◆ **What you will do**
The output should match, line for line, the records from the line containing "Croquis de trabajo" through the line containing "Calender Month |", with every picture left out.

◆ **Recorded information**
|---|

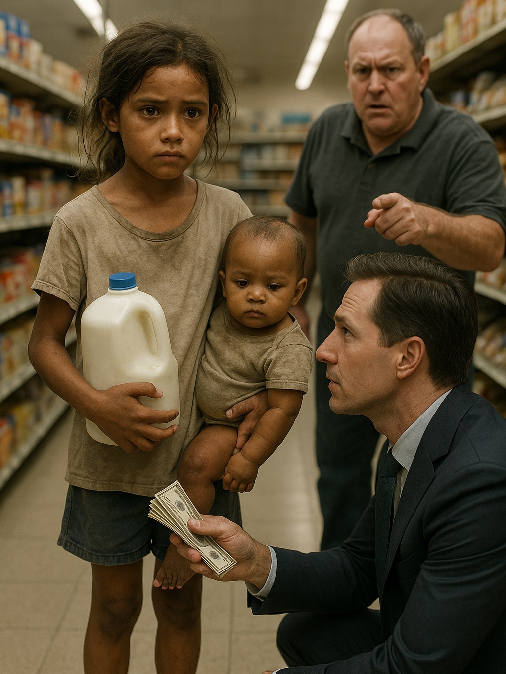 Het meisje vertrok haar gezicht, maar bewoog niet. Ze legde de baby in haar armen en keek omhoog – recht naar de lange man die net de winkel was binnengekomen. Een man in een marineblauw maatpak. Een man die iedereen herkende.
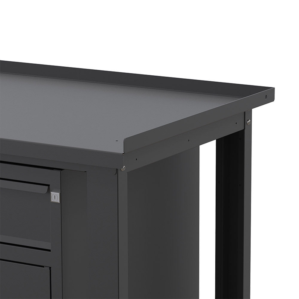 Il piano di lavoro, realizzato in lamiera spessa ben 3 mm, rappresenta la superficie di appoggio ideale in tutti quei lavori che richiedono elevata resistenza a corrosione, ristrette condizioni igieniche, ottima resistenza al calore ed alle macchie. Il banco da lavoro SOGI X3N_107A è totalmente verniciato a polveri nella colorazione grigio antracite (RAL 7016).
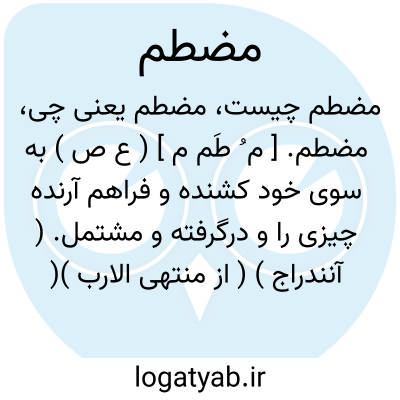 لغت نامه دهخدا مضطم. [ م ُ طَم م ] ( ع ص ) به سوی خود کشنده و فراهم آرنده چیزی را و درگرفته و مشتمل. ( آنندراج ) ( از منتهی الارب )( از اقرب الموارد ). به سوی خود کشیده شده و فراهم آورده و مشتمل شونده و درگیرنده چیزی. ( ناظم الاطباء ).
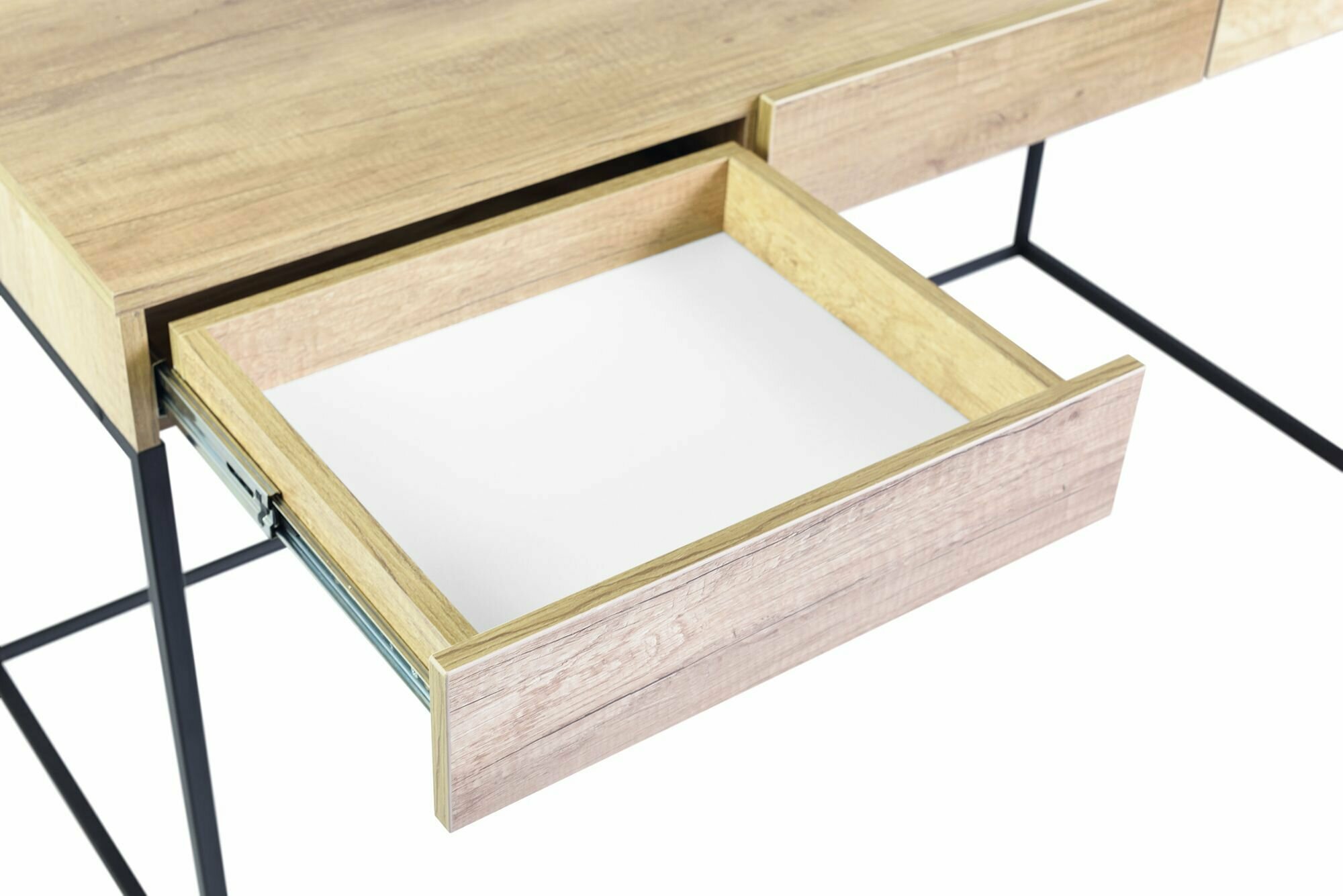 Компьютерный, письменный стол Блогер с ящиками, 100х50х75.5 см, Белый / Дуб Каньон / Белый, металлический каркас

|---|

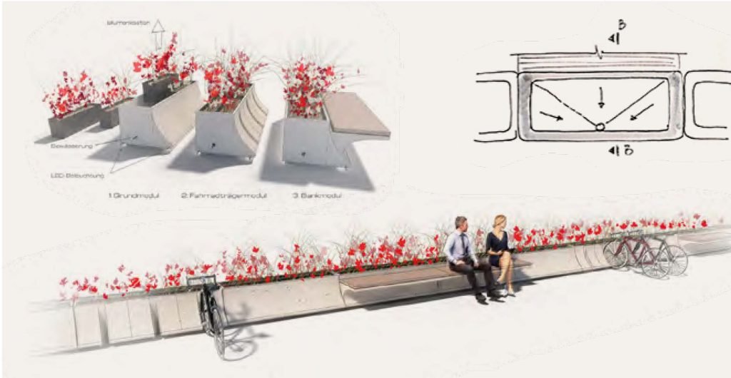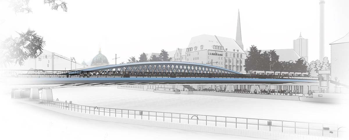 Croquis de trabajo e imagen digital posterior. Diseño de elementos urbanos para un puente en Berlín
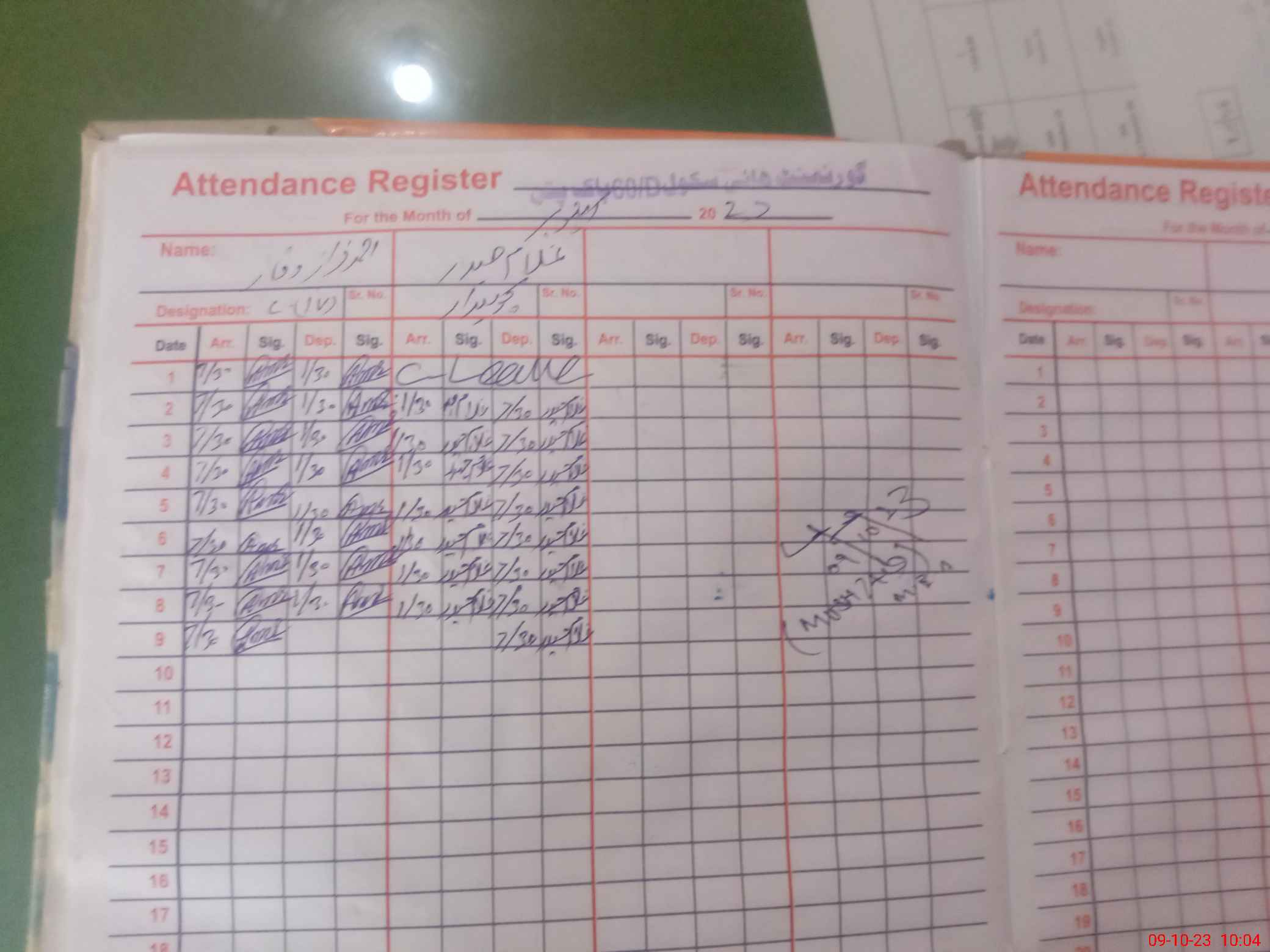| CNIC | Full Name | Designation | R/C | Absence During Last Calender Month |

|---|

◆ **Task solution**
 Croquis de trabajo e imagen digital posterior. Diseño de elementos urbanos para un puente en Berlín
| CNIC | Full Name | Designation | R/C | Absence During Last Calender Month |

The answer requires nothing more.